What the task requires:
Set down, word for word, only the lines from the start of the records through the line bearing "Les panneaux solaires"; include no pictures.
***
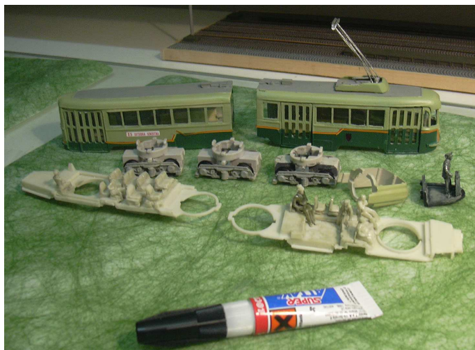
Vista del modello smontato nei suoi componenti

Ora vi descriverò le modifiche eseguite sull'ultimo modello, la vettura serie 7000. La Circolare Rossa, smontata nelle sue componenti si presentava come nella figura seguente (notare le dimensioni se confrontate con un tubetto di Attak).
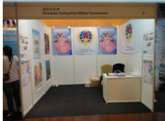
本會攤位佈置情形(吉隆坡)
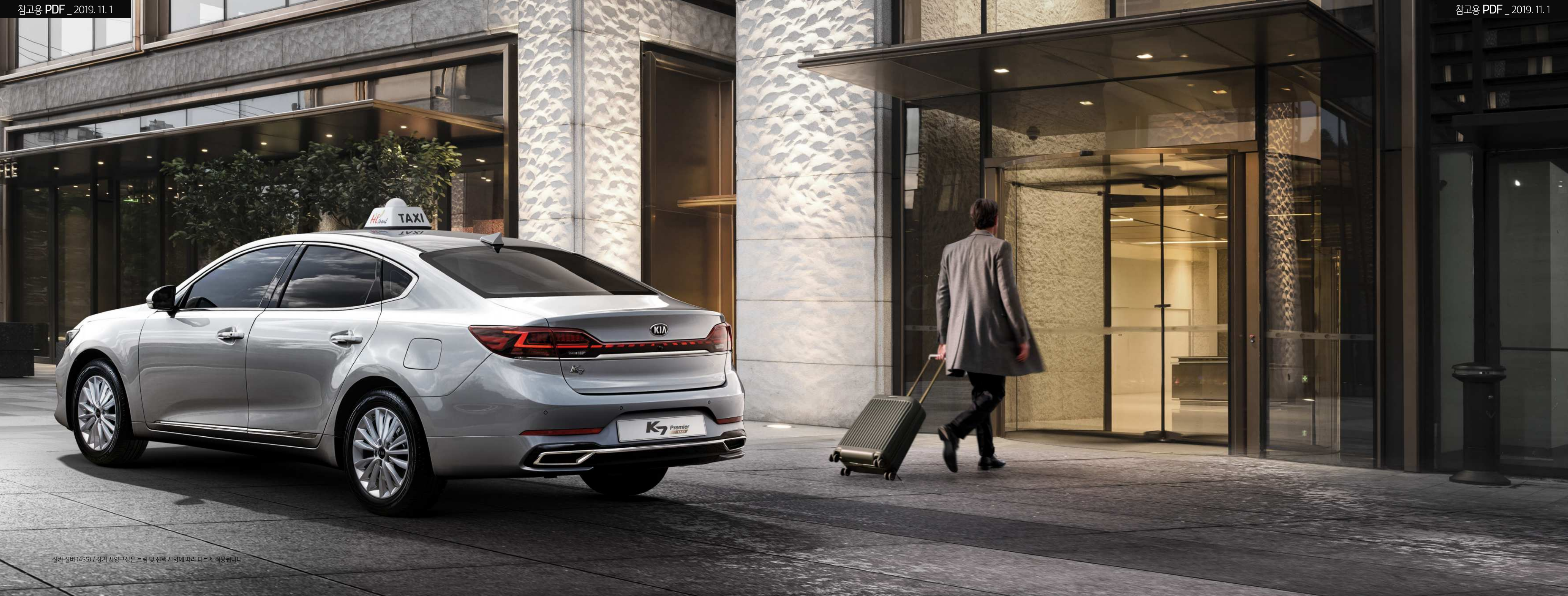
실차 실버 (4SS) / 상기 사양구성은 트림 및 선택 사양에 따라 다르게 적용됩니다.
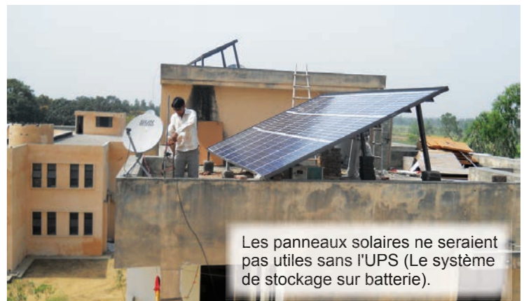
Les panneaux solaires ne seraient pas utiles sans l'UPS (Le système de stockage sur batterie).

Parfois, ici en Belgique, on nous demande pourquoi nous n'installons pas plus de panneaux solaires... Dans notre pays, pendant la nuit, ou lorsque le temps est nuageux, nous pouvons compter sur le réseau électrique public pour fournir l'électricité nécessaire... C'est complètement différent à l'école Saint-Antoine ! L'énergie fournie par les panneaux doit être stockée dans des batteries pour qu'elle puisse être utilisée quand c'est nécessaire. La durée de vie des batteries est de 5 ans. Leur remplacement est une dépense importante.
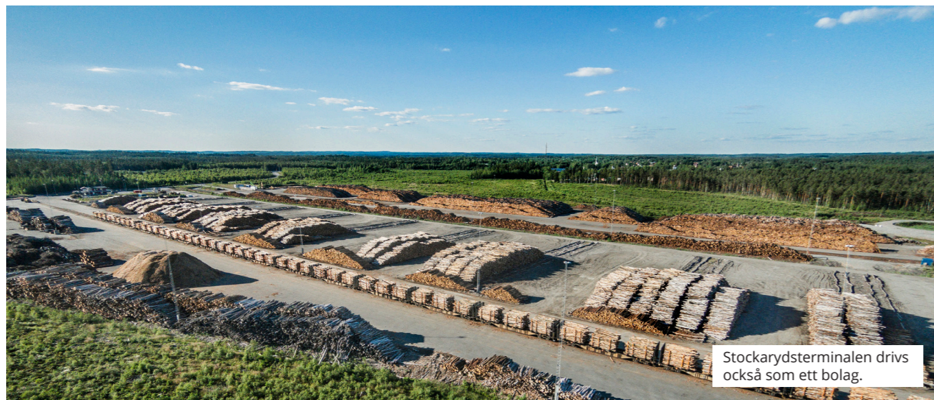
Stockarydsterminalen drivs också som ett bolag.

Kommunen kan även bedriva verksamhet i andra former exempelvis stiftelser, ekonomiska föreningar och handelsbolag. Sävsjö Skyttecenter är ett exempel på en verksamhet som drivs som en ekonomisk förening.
***
Finished exercise:
Vista del modello smontato nei suoi componenti

Ora vi descriverò le modifiche eseguite sull'ultimo modello, la vettura serie 7000. La Circolare Rossa, smontata nelle sue componenti si presentava come nella figura seguente (notare le dimensioni se confrontate con un tubetto di Attak).
本會攤位佈置情形(吉隆坡)
실차 실버 (4SS) / 상기 사양구성은 트림 및 선택 사양에 따라 다르게 적용됩니다.
Les panneaux solaires ne seraient pas utiles sans l'UPS (Le système de stockage sur batterie).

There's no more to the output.